Norte Maar
83 Wyckoff Avenue, #1B, 646-361-8512
Bushwick/Ridgewood
December 1 - December 16, 2012
Reception: Saturday, December 1, 6 - 9 PM
Web Site
Crashcourse IV an installation by John Silvis
Dec 1-16, 2012
Opening Reception: Fri, Dec 1, 6-9pm
Norte Maar, 83 Wyckoff Avenue, #1B, Brooklyn
Directions: L Train to Dekalb Stop. Norte Maar is on the corner of Wyckoff Avenue + Suydam Street
Hours: Weekends 1-6pm and by appointment: 646-361-8512
For Silvis, Crashcourse IV continues to explore crashed car imagery in art as existential metaphor. Referencing Andy Warhol’s crash photo silk-screens and John Chamberlain’s large twisted car sculptures. In Crash Assemblages, two perpendicular triangles made of MDF are combined with felt, the artist’s designed wallpaper, tape drawings, a Plexiglas car silhouette, and a shelf suspending a car part object. The installation sights societies continuing saga with car culture and the ongoing romance with escapism.
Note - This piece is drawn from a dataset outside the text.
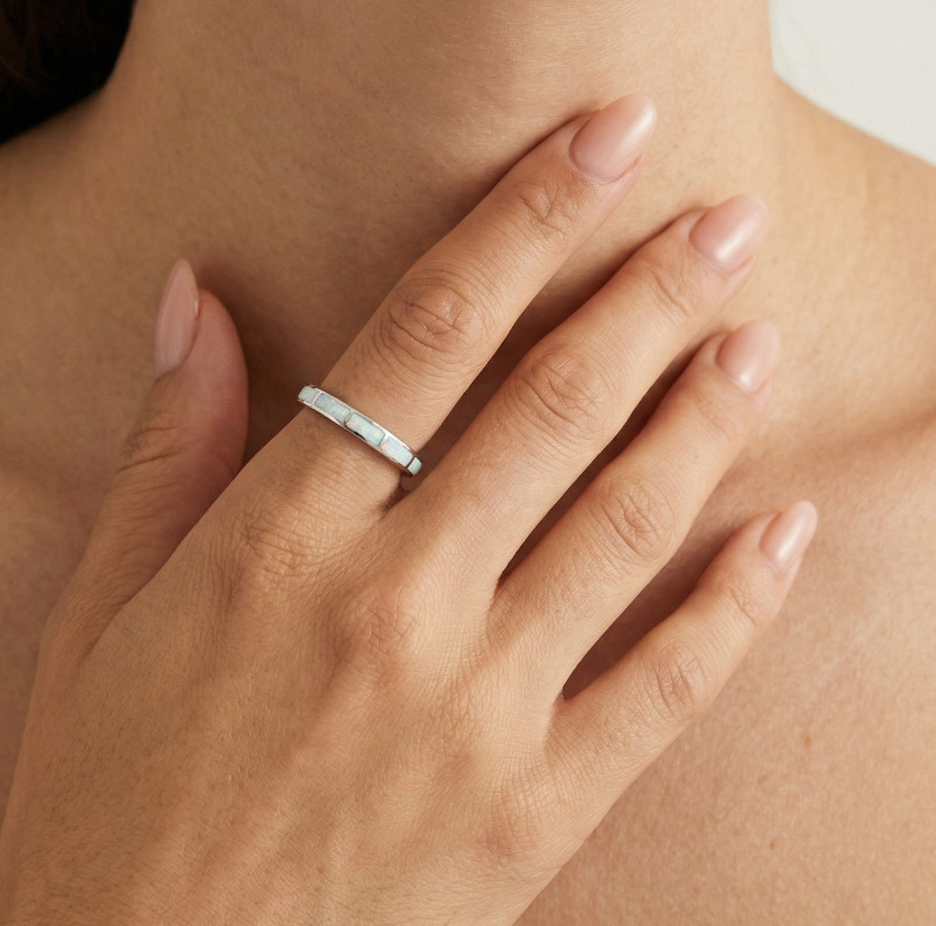 Tento stříbrný prsten má elegantní obdélníkovou bílou opálovou smaltovanou pastu zasazenou do jednoduchého, ale elegantního pásku. Čisté linie prstenu podtrhují krásu opálu a jsou ideální jak pro každodenní nošení, tak pro zvláštní příležitosti. Minimalistický, a přesto úžasný doplněk každé sbírky.

Crash Assemblages show the moment of impact as large flat Plexiglas cars make contact with MDF planes clad with scenic views of the open road. Large felt cut-outs hang from the wood structures as if to suggest the plush interior of the car. The cartoonish scale of the objects and their scrappy materiality seem to make light of the presumed crash. The works are uncanny in so far as they appear to serve other functions; their diagrammatic forms and spatial configurations implies that they could be maquettes used to storyboard moving image or animation sequences. Silvis in fact remarks that the assemblages borrow from the language of car shows, where hyper-real materials and imagery are used to seduce willing consumers. Consequently, Crash Assemblages comment on the eventual commoditization and fetishization of the crash through the moving image.–Yesomi Umolu, In the Absence of an Event, Feb 2012
Completing Sivis’ Crashcourse IV are his small sculptures titled Crash Objects. Here the artist introduces an actual yet altered remnant of the automobile. Discarded car parts are reclaimed by Silvis, air-brushed and re-assembled and placed on pedestals. The individual car parts form contrived relationships completely foreign to their original purpose. Although completely futile in function, their presence and association communicates a bizarre primal energy.